Exercise requirements:
Look below for the line that has "運転席側のドアの内張りに、9"; output exactly from it through the line that has "Leavenworth, WA. |", and leave the pictures out.

Extracted material:
━━━━━━━━━━

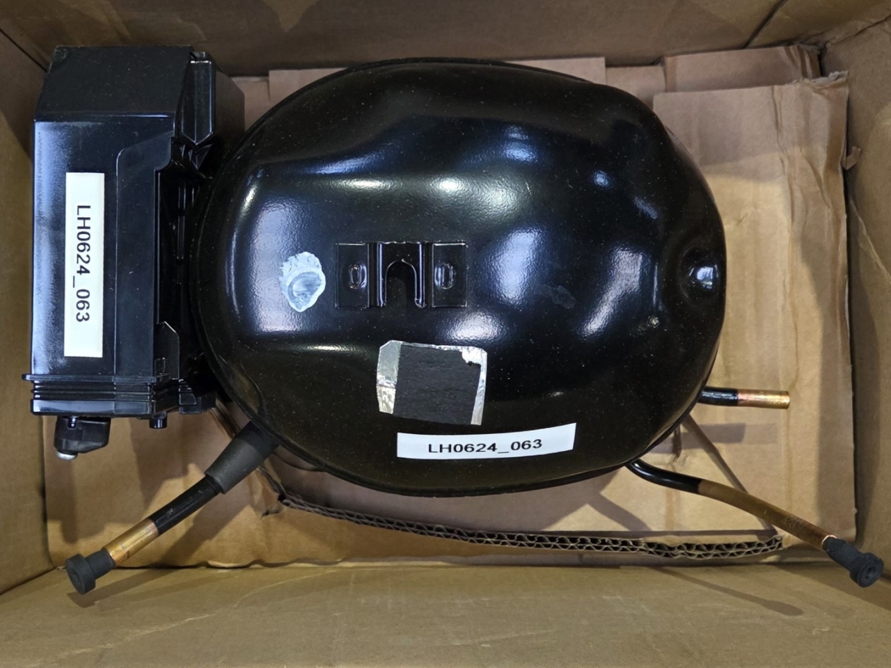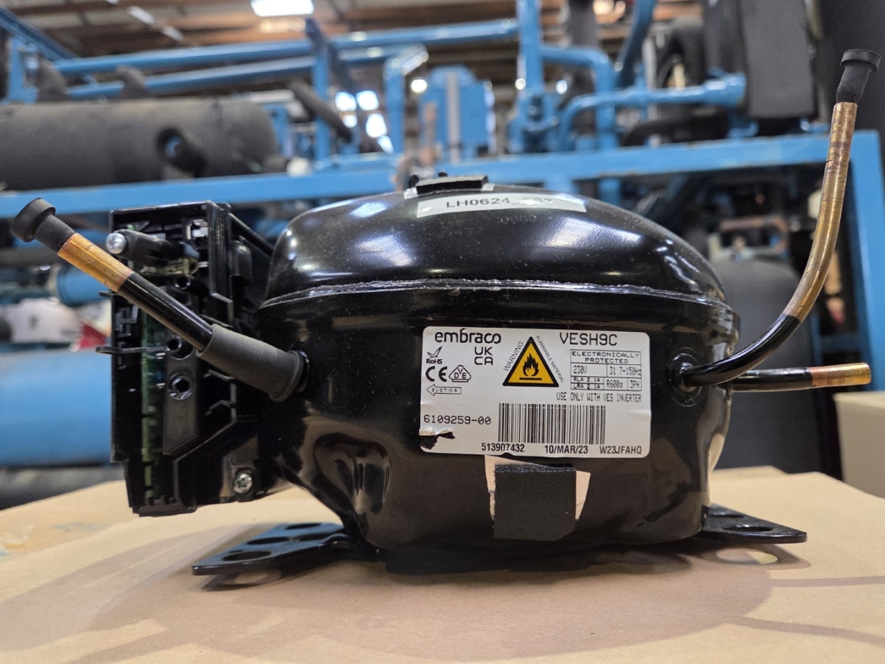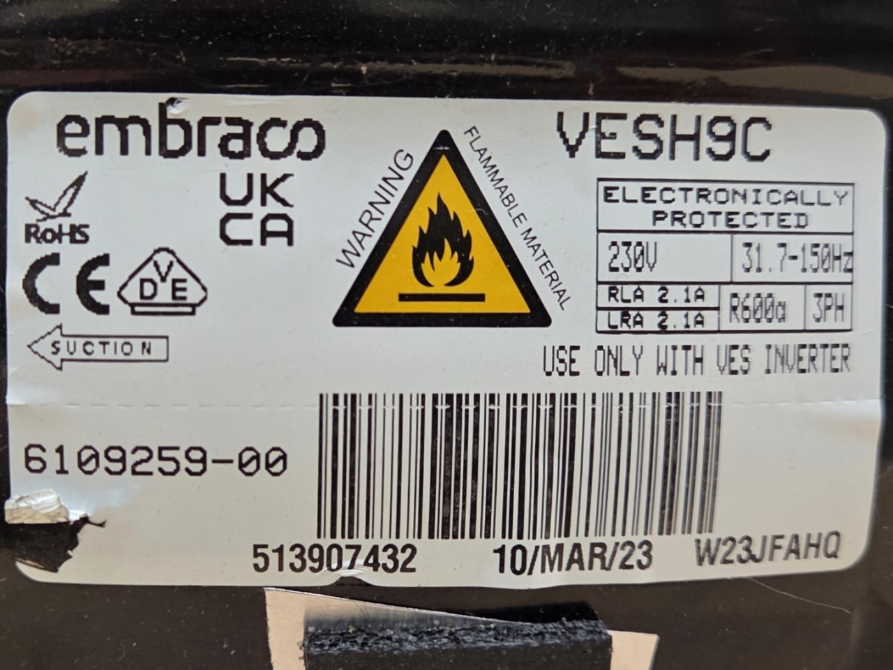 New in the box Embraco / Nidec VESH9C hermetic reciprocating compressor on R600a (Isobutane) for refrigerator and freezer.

━━━━━━━━━━

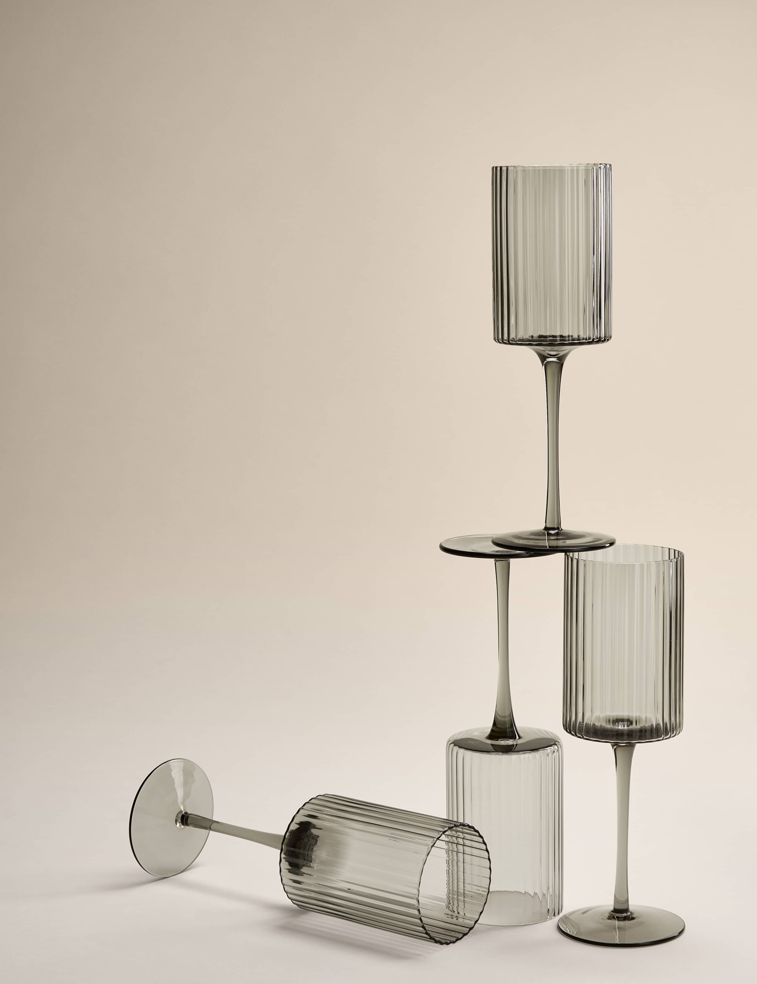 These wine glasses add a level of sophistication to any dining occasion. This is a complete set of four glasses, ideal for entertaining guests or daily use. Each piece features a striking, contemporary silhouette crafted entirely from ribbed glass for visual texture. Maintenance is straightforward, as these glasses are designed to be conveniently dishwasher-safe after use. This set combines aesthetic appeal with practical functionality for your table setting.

━━━━━━━━━━

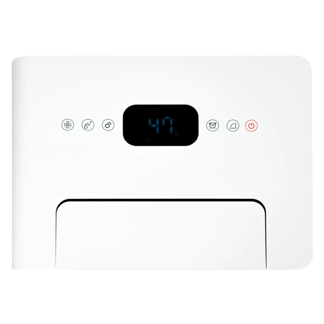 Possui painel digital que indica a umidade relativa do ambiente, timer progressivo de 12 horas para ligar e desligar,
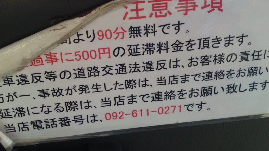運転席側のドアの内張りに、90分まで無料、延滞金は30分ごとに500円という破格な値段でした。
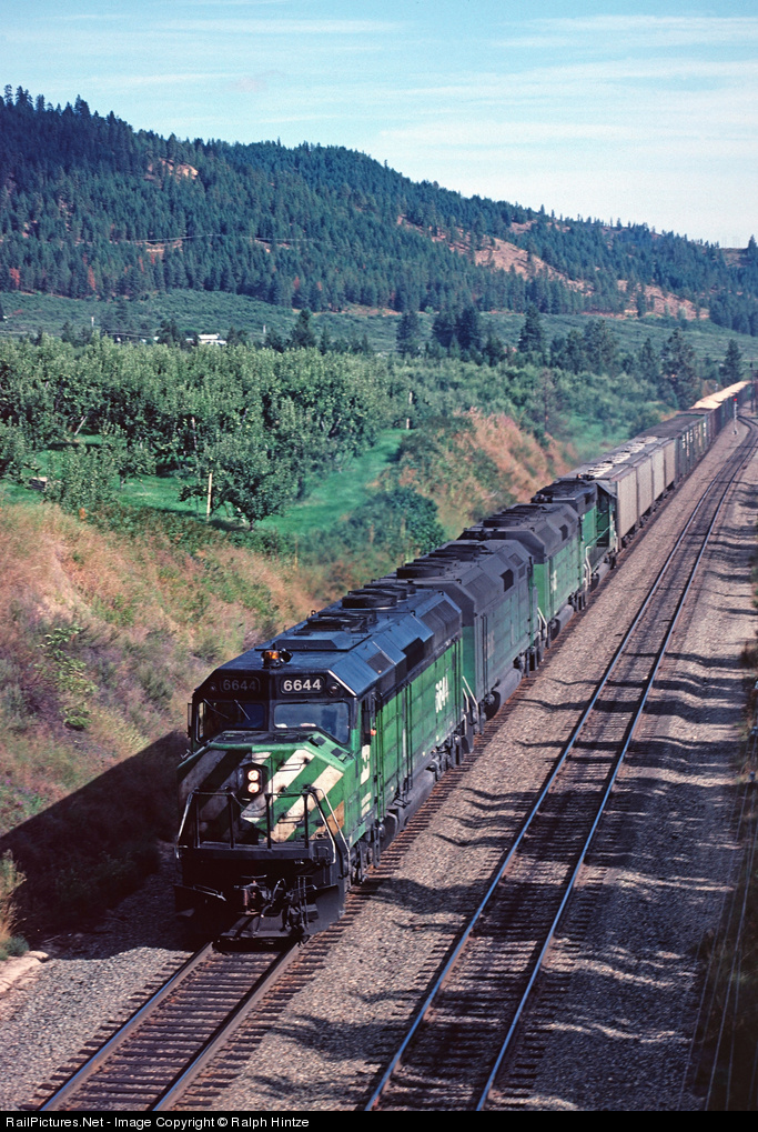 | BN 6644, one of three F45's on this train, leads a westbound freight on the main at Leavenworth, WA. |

━━━━━━━━━━

Written response:
運転席側のドアの内張りに、90分まで無料、延滞金は30分ごとに500円という破格な値段でした。
 | BN 6644, one of three F45's on this train, leads a westbound freight on the main at Leavenworth, WA. |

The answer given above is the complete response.